Interestingly, his brother, Christopher Hitchens, author of God Is Not Great: How Religion Poisons Everything, believed just the opposite.

He contended that organized religion is “violent, irrational, intolerant, allied to racism, tribalism, and bigotry, invested in ignorance and hostile to free inquiry, contemptuous of women and coercive toward children: organized religion ought to have a great deal on its conscience.”   


Although, both brothers agree to disagree, Peter Hitchens believes that people who disagree with Christians are becoming increasingly hostile. Why? The author contends that there’s a feeling of personal effrontery that’s rooted in the fear that Christians might be right.


So what does this mean to you and me?


I think if we’re really honest, for most of us – despite our personal ‘trials and tribulations’ – will admit that we’ve been blessed (I know I’m still grateful to be here.) However, I meet lots of folks who are negative about everything and everybody. Maybe my feet aren’t yet cemented in reality … and theirs?

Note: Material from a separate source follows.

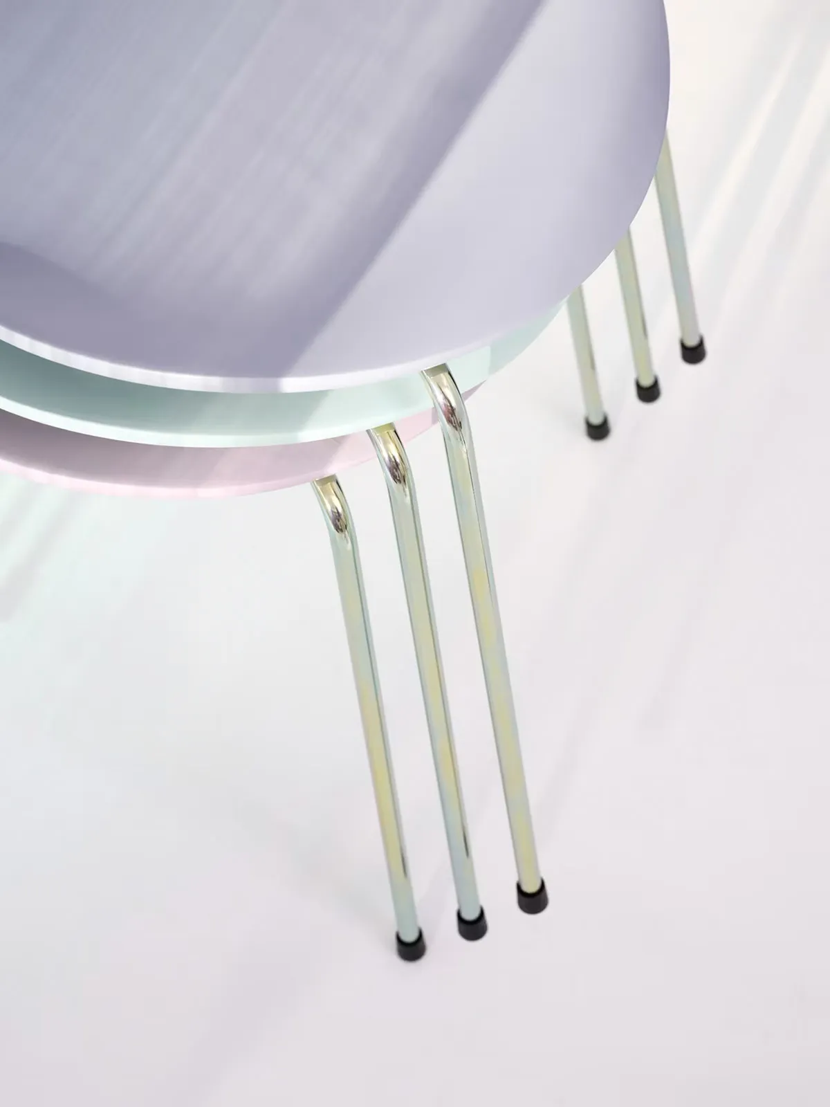 Vi har 6 stk. – én i hver farge med polerte stålben, samt én rosa variant med Rainbow-understell.

Sure, I also get frustrated a lot of times. I want everything done yesterday; I’m generally a nagging perfectionist; I’m only concerned about my problems;and I can be intellectually lazy. Yet, there are people sighing, crying and dying over real loss. What’s our response?



“They talk about a life of brotherly love

Show me someone who knows how to live it.”

Slow Train Coming, by Bob Dylan


We’re in relatively tough times right now and people are discouraged, but this will not last.  Right now though, we need to help people through it. Some call that mission. How can we preach when we’re hurting, too?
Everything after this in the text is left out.